• **Task directions**
The lines to copy are those in the records below that hold the word "Gardens".

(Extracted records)
========================================================================
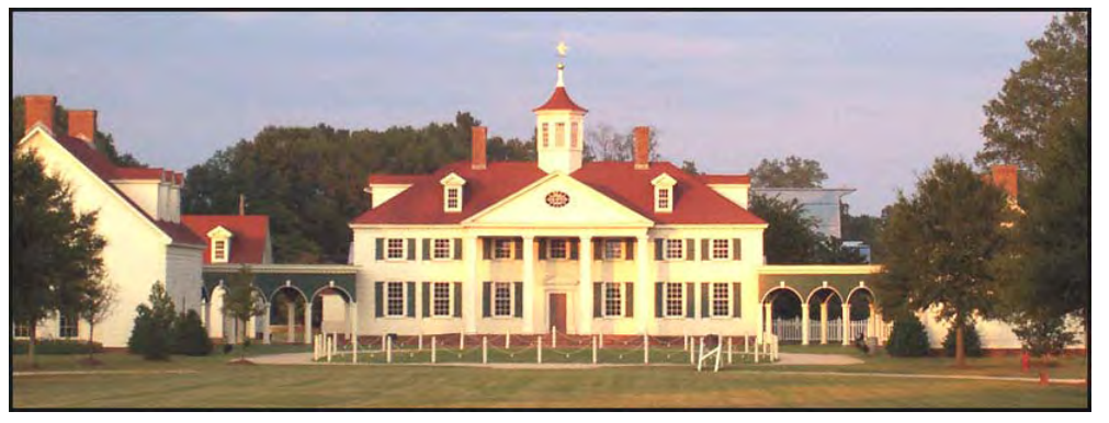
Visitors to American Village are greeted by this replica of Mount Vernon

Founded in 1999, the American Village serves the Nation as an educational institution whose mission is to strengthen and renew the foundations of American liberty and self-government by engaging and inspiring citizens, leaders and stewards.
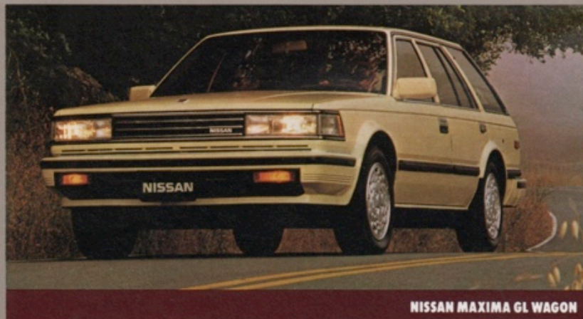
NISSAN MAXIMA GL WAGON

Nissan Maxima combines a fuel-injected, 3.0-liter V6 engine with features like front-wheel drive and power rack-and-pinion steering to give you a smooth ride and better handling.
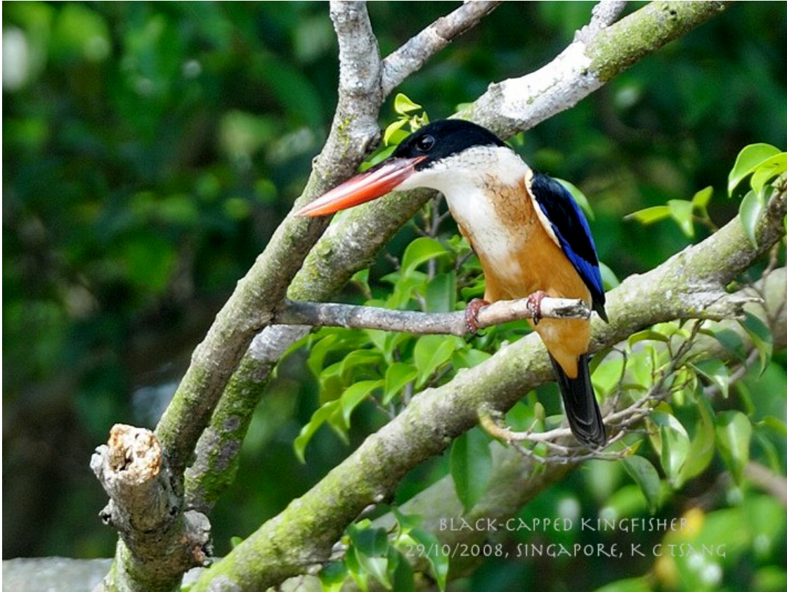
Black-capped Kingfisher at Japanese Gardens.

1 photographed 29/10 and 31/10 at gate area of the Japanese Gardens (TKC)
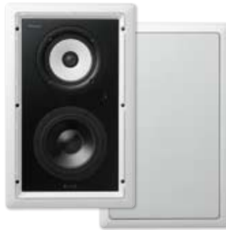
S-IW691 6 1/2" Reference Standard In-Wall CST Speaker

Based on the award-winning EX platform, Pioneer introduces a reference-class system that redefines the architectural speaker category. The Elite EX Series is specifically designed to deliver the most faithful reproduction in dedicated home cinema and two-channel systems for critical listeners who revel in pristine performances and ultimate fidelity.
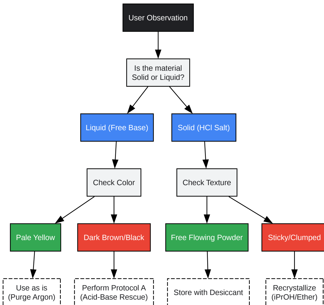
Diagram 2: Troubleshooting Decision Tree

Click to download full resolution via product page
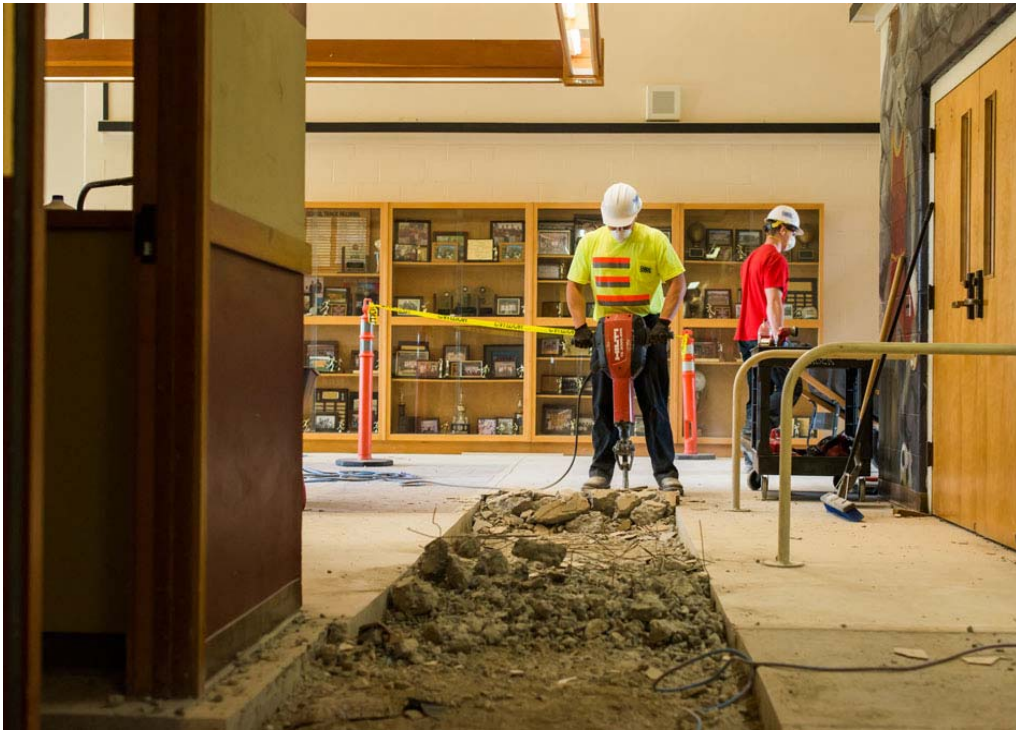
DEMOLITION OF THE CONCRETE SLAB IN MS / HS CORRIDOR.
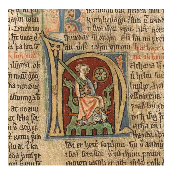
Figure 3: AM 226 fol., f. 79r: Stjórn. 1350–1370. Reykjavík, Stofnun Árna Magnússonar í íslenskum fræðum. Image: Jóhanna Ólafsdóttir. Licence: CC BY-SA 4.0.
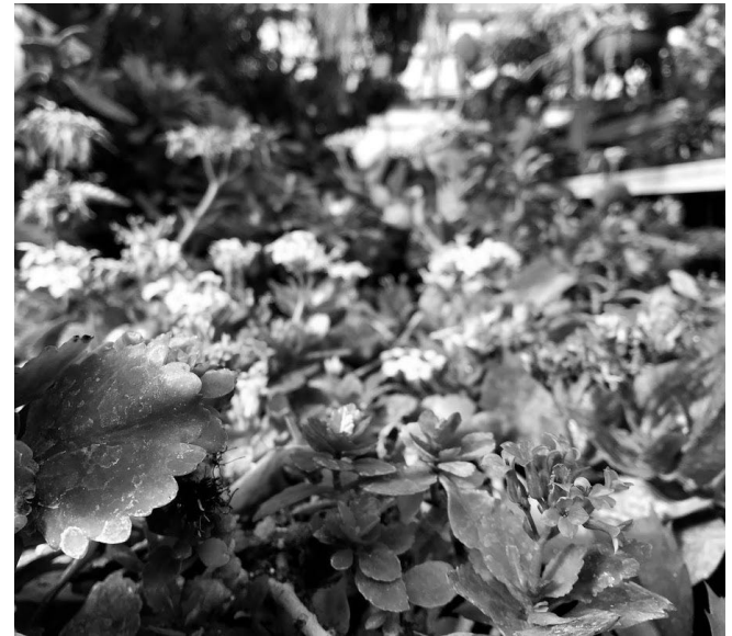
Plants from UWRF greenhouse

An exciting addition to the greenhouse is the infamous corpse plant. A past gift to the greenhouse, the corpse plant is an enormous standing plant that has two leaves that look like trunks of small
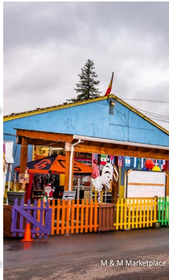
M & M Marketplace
========================================================================
• **Task output**
Black-capped Kingfisher at Japanese Gardens.
1 photographed 29/10 and 31/10 at gate area of the Japanese Gardens (TKC)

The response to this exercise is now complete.